収穫していたメロンについて、1個10000ギルでセラさんの店で販売する。
種の問題について、昨日リリスと一緒に味を試す時に、ちゃんと種を集めていた。
カットメロンと違い、今回のメロンは種が附くものであった。
故に、種の問題は既に解決したよ。 あたしの事業は順風満帆なのだ。
今日はリリスを連れて、商業都市・インストリアに行くつもりなのだ。
新しい商機を探すと共に、例のお嬢さんと会いたいなのだ。
僅か1時間で町を囲む壁が見えてきた。
「リリス、降りるぜ」
「デメテル様、何故直接に飛び込みませんか?」
「城壁に設置された対空兵器を見なかったのか?」
「それなら、軽くて突破できますよ」
あぁ…… 全く忘れちゃった。リリスは元魔王軍の一員だった。
「ね、あたしたちはここ来る目的を忘れたのか?」
「買い物ですよ」
「破壊したら、どこで買うの?」
「あぁ! ごめんなさい!」
天真爛漫の顔に目を凝らして見て、リリスに常識を教えることを決心した。
空から行き着いた植物族と竜人族の二人が目を引く。
町の門に近くなると、数人の門兵が駆け寄って来る。
「お前らは何のつもりだ」
門兵が尋ねてくる。
「普通の商人だよ、これは証明カード」
ギルドカードを彼らに示す。
「身分を確認した。中へどうぞ」
この際に、ある人間族の兵士がこっそりとクレームする。
「なんで下等の亜人達も町に入るのか? あの小娘領主は何を考えてるよ!」
来た、異世界でよくある人種差別問題だ。
シリスティアは亜人が集まる町のため、このようなことがあんまり気付かなかった。
幸い、リリスが聞こえなかったそうだ。さもないと、大騒ぎを起こしてしまうよ。
このままに放っておき、町に入るつもり時。
ある隊長らしい男性はさっきの兵士を叱った。
「お前ら、領主様の命令に不満なのか! 早くこちらのお嬢さんたちに謝れ!」
「チッ、悪かったよ!」
兵士が不本意的に謝って、門番のところに戻った。
「部下の失礼なことについて、大変申し訳ございません」
「構わないよ。ところで、あなたも人間族だよね?どうして……」
「それは——」
彼はディアウロス、商業都市の警備隊長という者であった。
数日前にまだ人間族優遇の町であったが、新しい領主は就任した後、種族平等の政策を推し進める。下等市民と奴隷の亜人待遇を一気に改善する。
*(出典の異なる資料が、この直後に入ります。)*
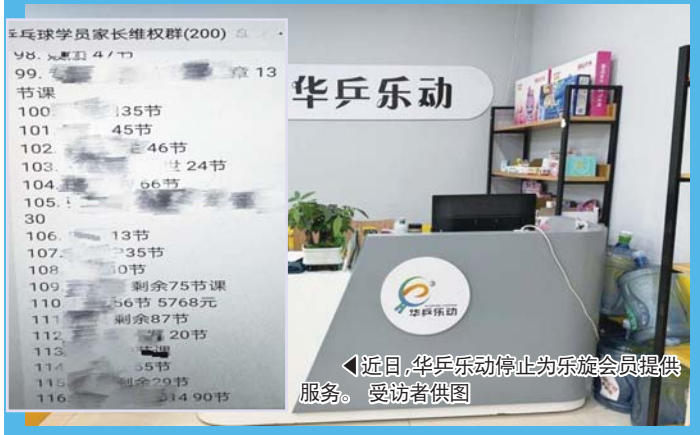
近日，华乒乐动停止为乐旋会员提供服务。

近期，多位济南市民向齐鲁晚报·齐鲁壹点记者反映：华乒乐动多家门店发布消息称不再为乐旋学员提供教学服务，剩余课时不能继续使用，也不能退费，消费者陷入维权难题中。据了解，乐旋为全国连锁门店，在上海、西安、济南、青岛等地有超300家门店，2024年初，其在全国范围内出现突然闭店情况。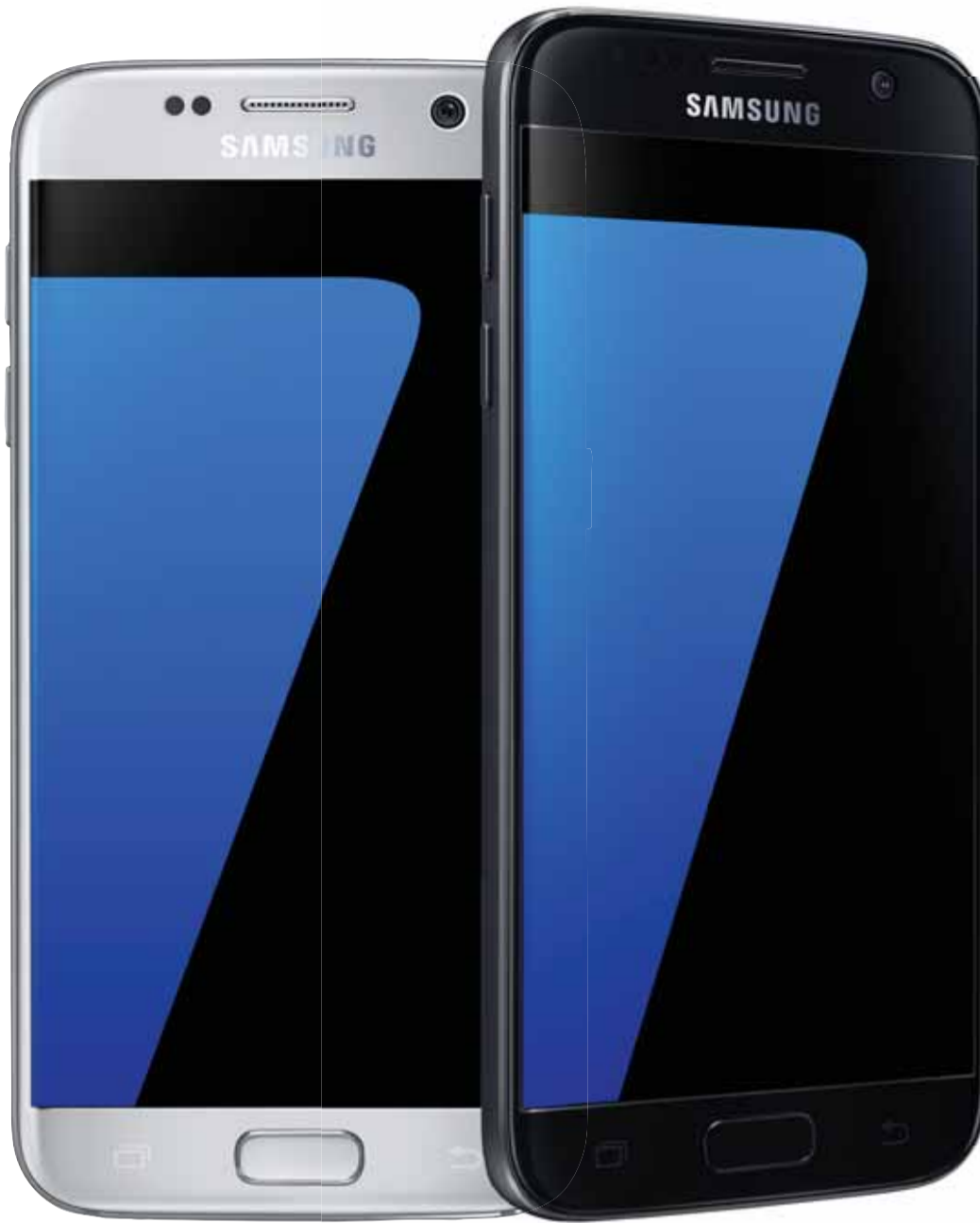
SAMSUNG Galaxy S7

元々の優遇された一部の人間族はこれで都合が悪くなり、不満な気持ちは理にかなっているのだ。今は彼女の新政について、賛否両論であった。
ところで、その領主はアレクス家の新任当主、クリエス・アレクスであった。
いくら天才と呼ばれると、15歳でこのような手段を持つ彼女は絶対にチートだった。
「それでは、お嬢さんたち、インストリアで楽しんでください」
「あぁ、いろいろ教えてくれて、ありがとう」
さすが商業都市と呼ばれる町だった。シリスティアより数倍大きいだった。
広場には女神像を付ける噴水があり、周りに何軒の屋台もある。
ある屋台の親さんが二人を気付いて、声を掛ける。
「いらっしゃい、可愛い嬢ちゃんたち、うちの新商品を食べてみようか?」
あたしは肝心のことを終わる後で遊びタイプなので、断るつもりだが。
リリスのピカピカと光っている目を見て、親さんに返事する。
「親さん、二つお願い」
「毎度あり!」
広場に設置しているベンチに座って、所謂『新商品』に目を凝らして見る。
「デメテル様、これは冷や冷やして、とっても甘いですよ」
「アハハ…… そうね」
ビニールのカップに盛る白い柔らかく固めて糊状のモノ。
どう見えてもアイスクリームだったよね!
この柔らかさと甘さ、絶対にアイスなのだ!
でも、味はちょっとおかしいだった。
せめて、北海道の味ではなかった。
この世界はそんなものがあったけぇ・・・
まぁ、気のせいかもしれない。
「デメテル様、あそこもまた美味しいものいっぱいありますよ」
「しょうがないね、それじゃ、2時間後で、ここで集合しましょう~」
「はい、デメテル様大好き」
◇■◇■◇■◇■◇
一人で種の専門店に行き着いた。
「いらっしゃい」
「すみません、果物の種が欲しい」
「それなら、こちらへ少々お待ちください」
さすが商業都市だった。果物の種だけで、数十種類を販売している。
ところが、リンゴや、モモ、スイカなどものあるのに、何故メロンの種がないの?
まるでこの世界があたしの来ることをずっと待っている見たいだ。
最後はイチゴとモモ種を各100個買った。
メロン以外のモノを育てつもりはない。それは【合成】のためなのだ。
選んだ二つの果物はメロンと共通性を持つ。
それは——— 果肉にたくさんの水分を含むことなのだ。
しかも、メロンより刺激的な甘さがなかった。それは、ブドウとスイカをパスした理由であった。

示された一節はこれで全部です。